Would you return exactly the lines below from the line with "A triumph in" through the line with "Котята в подъезде.", both included, and nothing else, leaving out the pictures?

STUDY MATERIAL:
----------

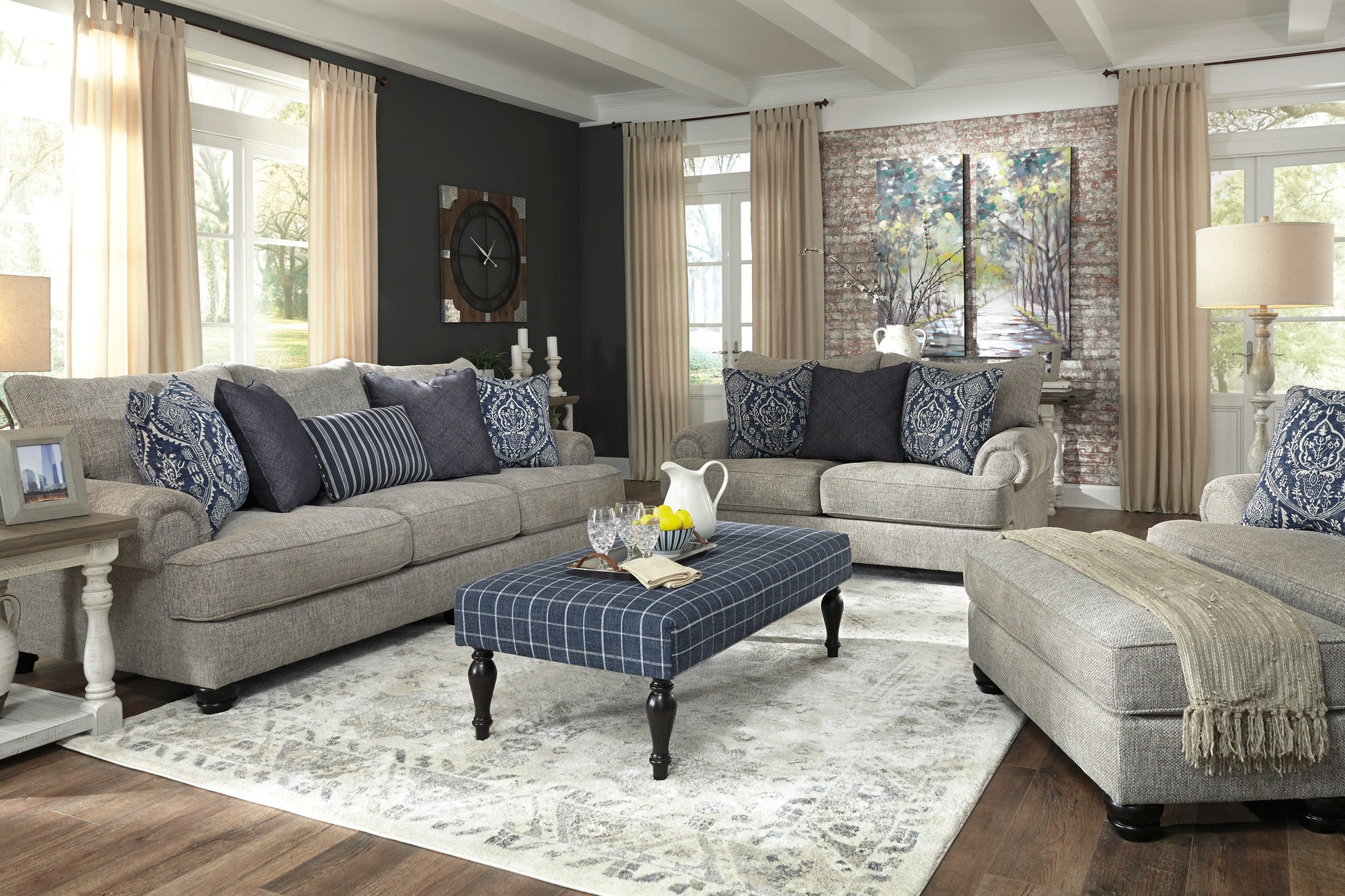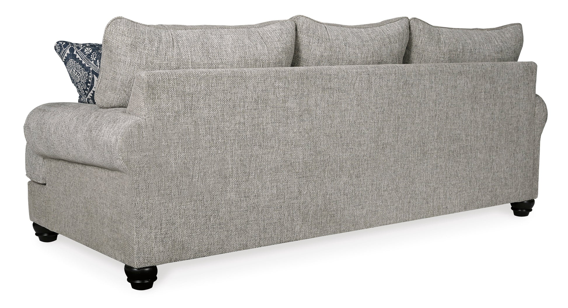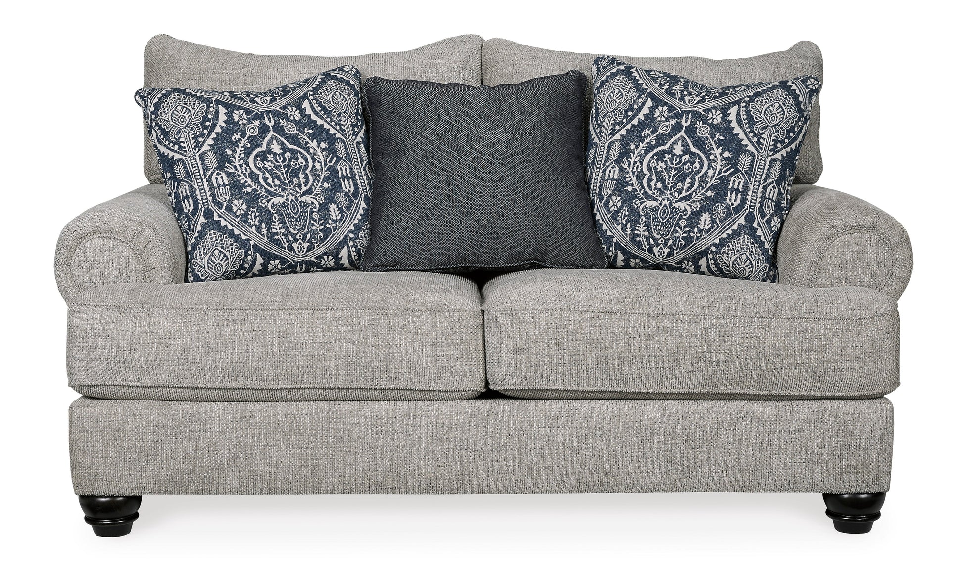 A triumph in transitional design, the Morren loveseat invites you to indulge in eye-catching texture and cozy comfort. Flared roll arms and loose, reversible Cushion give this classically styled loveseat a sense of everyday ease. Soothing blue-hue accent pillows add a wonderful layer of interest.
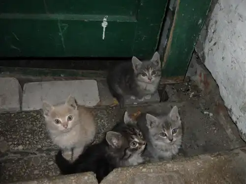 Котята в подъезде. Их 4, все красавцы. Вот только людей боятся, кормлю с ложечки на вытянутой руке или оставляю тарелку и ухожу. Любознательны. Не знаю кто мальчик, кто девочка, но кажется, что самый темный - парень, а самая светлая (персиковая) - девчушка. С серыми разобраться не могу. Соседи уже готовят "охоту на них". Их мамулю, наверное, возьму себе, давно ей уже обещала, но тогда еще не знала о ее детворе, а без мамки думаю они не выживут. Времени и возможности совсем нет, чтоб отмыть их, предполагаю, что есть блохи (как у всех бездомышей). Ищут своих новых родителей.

----------

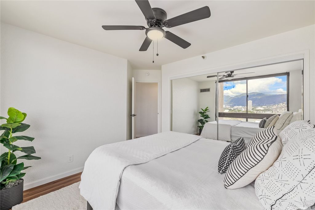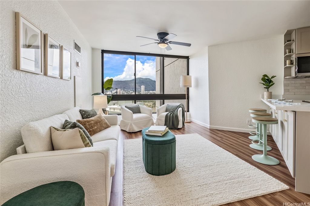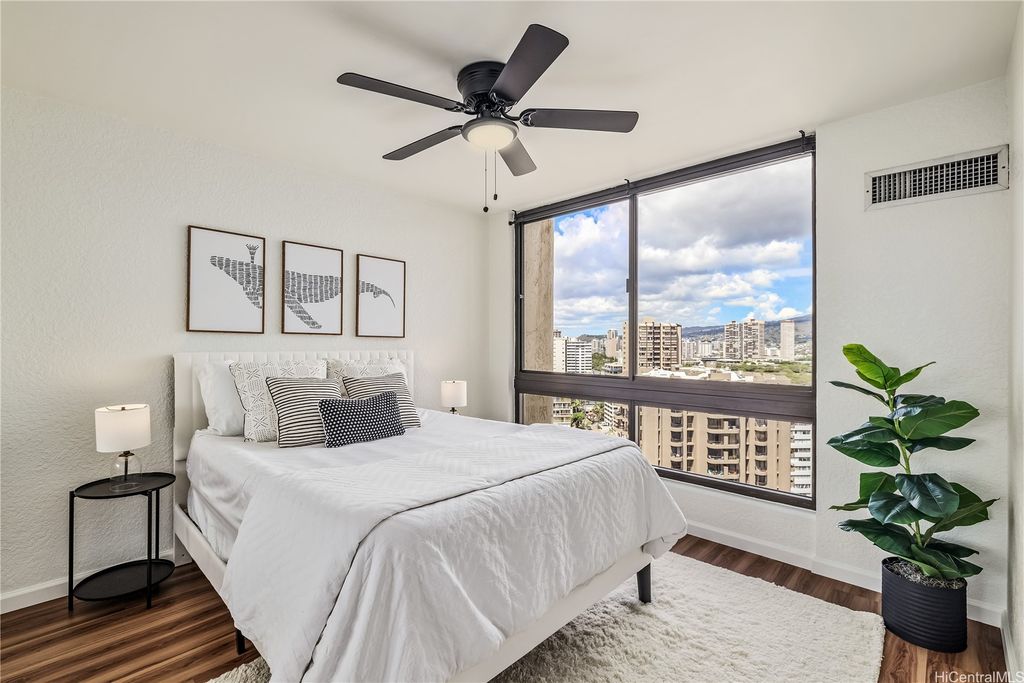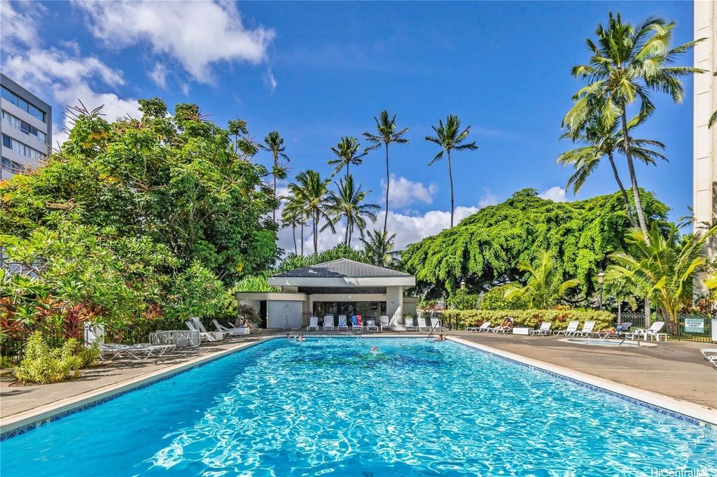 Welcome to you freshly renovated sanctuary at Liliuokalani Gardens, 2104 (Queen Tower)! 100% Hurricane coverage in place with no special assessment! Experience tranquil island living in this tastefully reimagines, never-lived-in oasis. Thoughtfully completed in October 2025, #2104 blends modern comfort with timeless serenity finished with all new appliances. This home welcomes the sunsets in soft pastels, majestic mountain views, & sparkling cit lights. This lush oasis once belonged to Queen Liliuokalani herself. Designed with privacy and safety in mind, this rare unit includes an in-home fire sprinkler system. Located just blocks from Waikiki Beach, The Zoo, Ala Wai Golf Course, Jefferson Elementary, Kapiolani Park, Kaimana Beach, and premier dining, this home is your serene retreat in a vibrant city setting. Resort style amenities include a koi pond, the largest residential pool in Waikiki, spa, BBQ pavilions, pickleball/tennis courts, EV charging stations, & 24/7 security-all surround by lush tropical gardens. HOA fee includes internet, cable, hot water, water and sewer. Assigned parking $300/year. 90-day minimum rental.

----------

FINISHED EXERCISE:
 A triumph in transitional design, the Morren loveseat invites you to indulge in eye-catching texture and cozy comfort. Flared roll arms and loose, reversible Cushion give this classically styled loveseat a sense of everyday ease. Soothing blue-hue accent pillows add a wonderful layer of interest.
 Котята в подъезде. Их 4, все красавцы. Вот только людей боятся, кормлю с ложечки на вытянутой руке или оставляю тарелку и ухожу. Любознательны. Не знаю кто мальчик, кто девочка, но кажется, что самый темный - парень, а самая светлая (персиковая) - девчушка. С серыми разобраться не могу. Соседи уже готовят "охоту на них". Их мамулю, наверное, возьму себе, давно ей уже обещала, но тогда еще не знала о ее детворе, а без мамки думаю они не выживут. Времени и возможности совсем нет, чтоб отмыть их, предполагаю, что есть блохи (как у всех бездомышей). Ищут своих новых родителей.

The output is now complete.